# Problem
Word for word, repeat the lines of the records from the first line up to and including the line that contains "10 Pieces Black", passing over any pictures.
-- Data to examine follows --
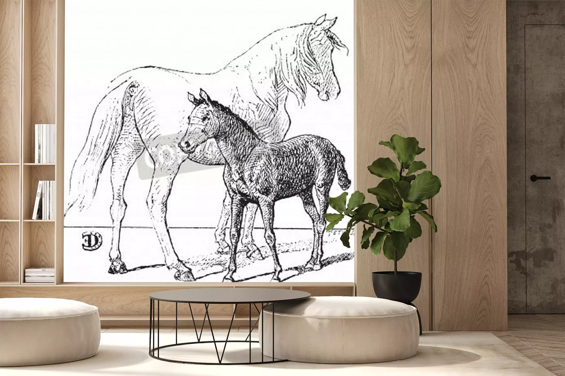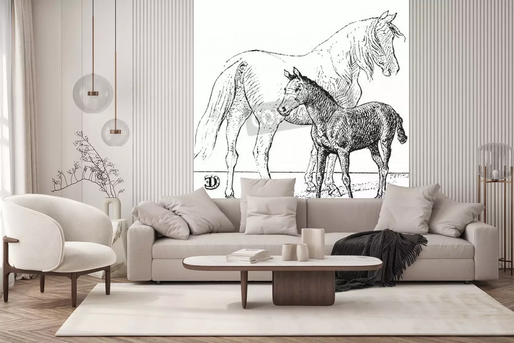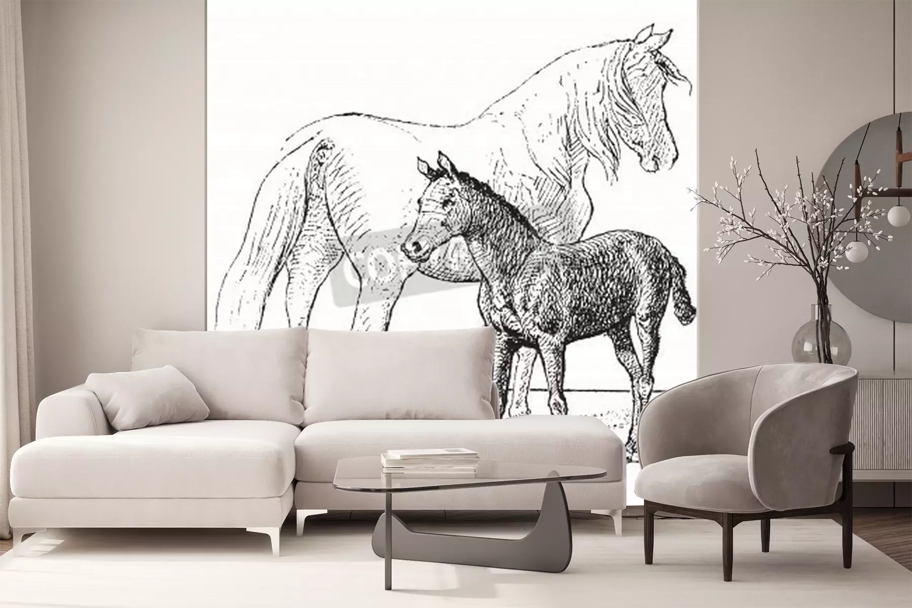 Papier peint  Croquis de chevaux noir et blanc
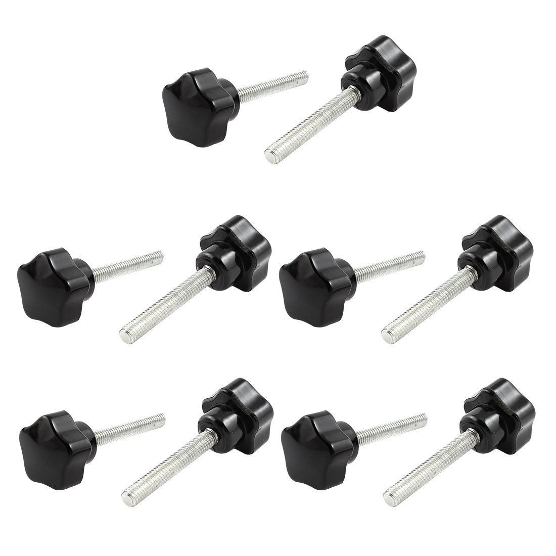 10 Pieces Black M6 x 40mm Male Threaded Knurled Grip Star Knob
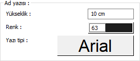Ad yazısı ![]() Çapraz adı yazısının yüksekliği girilir. Renk kutusu farenin sol tuşu ile tıklanıp tuş basılı tutularak açılan renk paleti üzerinde kaydırılır. İstenen rengin üzerine gelindiğinde tuş bırakılır. Renk kutucuğu seçilen renge dönüşür. Shift tuşu ile birlikte tıklanırsa, ilgili rengin kalem kalınlığı ayarlanabilir. Hemen alttaki buton tıklanırsa, Yazı Tipi Ayarları diyalogu açılır. Bu diyalogdan çapraz ad yazısı, yazı tipi ayarlanır. |
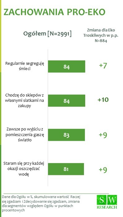 Eko Troskliwi mają prawidłowo wykształcone nawyki pro-ekologiczne. 94% chodzi do sklepów z własnymi siatkami na zakupy, a 91% regularnie segreguje śmieci – dla wymienionych czynności odsetki te dla ogółu Polaków wynoszą po 84%. Podobnie często gaszą światło po wyjściu z pomieszczenia (92%, Ogółem – 83%) i starają się oszczędzać wodę przy każdej okazji (90%, Ogółem – 81%).
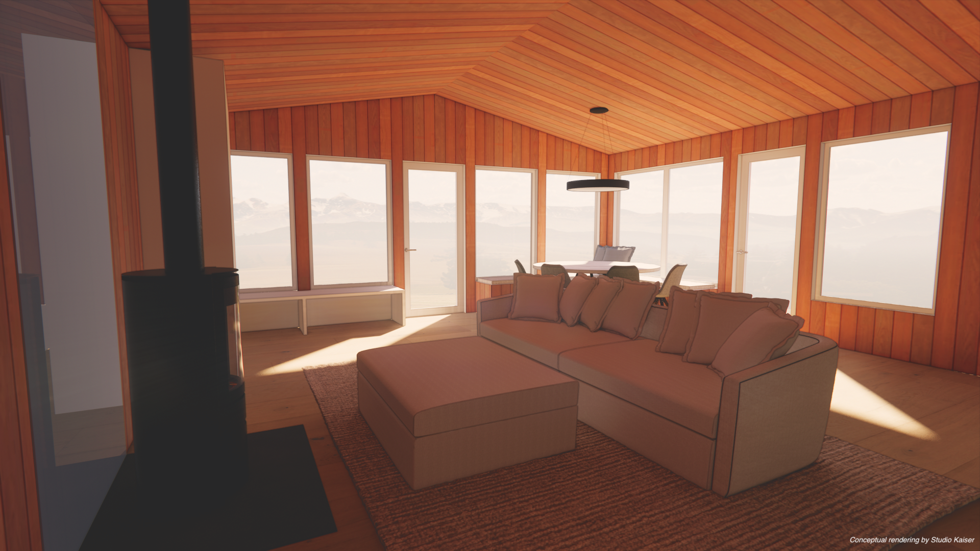 The essence of these conceptual renders are nostalgic interior that pay homage to the retro cabins that are still standing around Skaha Lake in the south Okanagan.
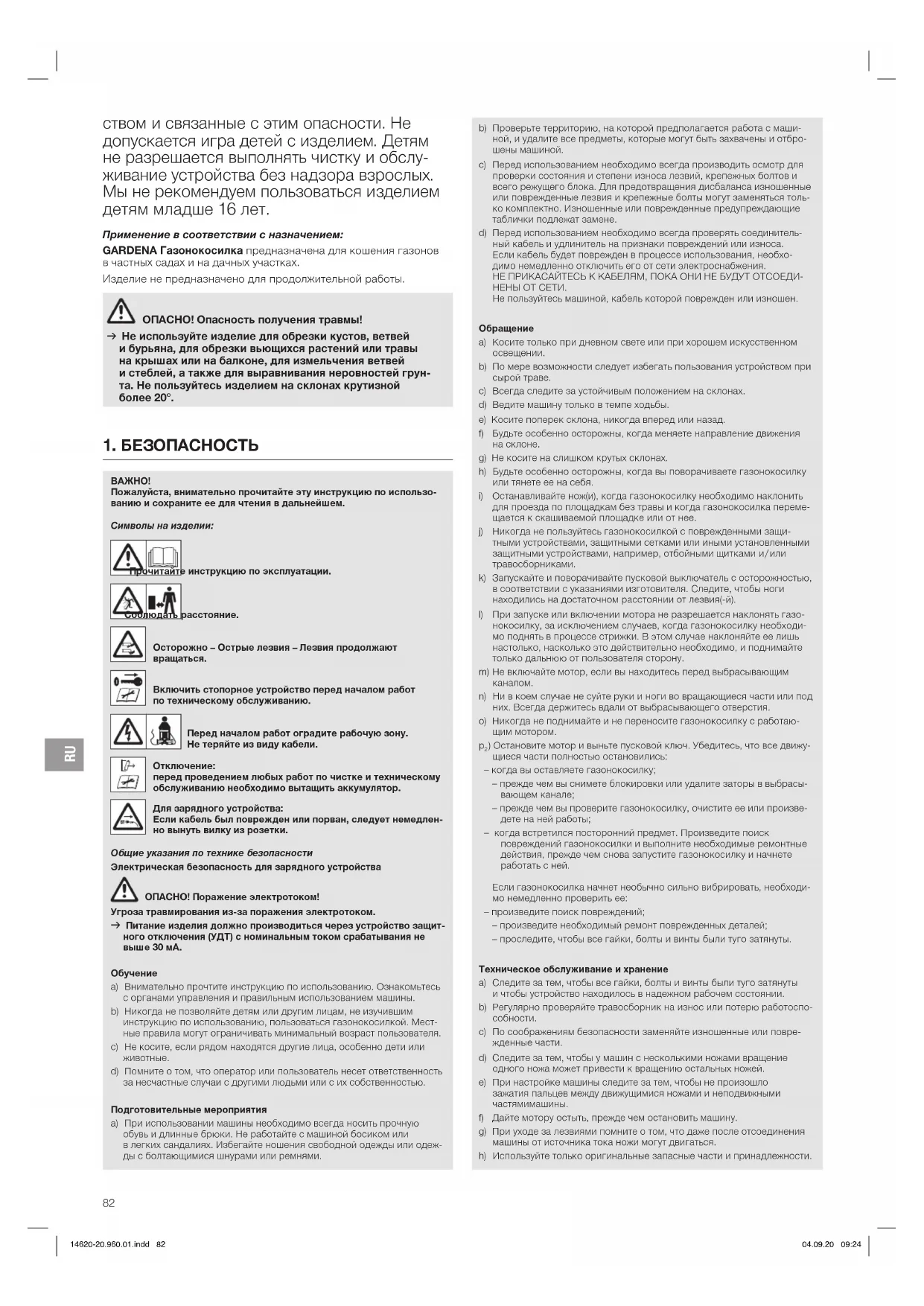 ством и связанные с этим опасности. Не допускается игра детей с изделием. Детям не разрешается выполнять чистку и обслу- живание устройства без надзора взрослых. Мы не рекомендуем пользоваться изделием детям младше 16 лет. Применение в соответствии с назначением: GARDENA Газонокосилка предназначена для кошения газонов в частных садах и на дачных участках. Изделие не предназначено для продолжительной работы. ОПАСНО! Опасность получения травмы! v Не используйте изделие для обрезки кустов, ветвей ибурьяна, для обрезки вьющихся растений или травы на крышах или на балконе, для измельчения ветвей и стеблей, а также для выравнивания неровностей грун- та.Не пользуйтесь изделием на склонах крутизной более 20°. 14620-20.960.01.indd 82 04.09.20 09:24RU
-- Data to examine concluded --
# Exercise solution
 Papier peint  Croquis de chevaux noir et blanc
 10 Pieces Black M6 x 40mm Male Threaded Knurled Grip Star Knob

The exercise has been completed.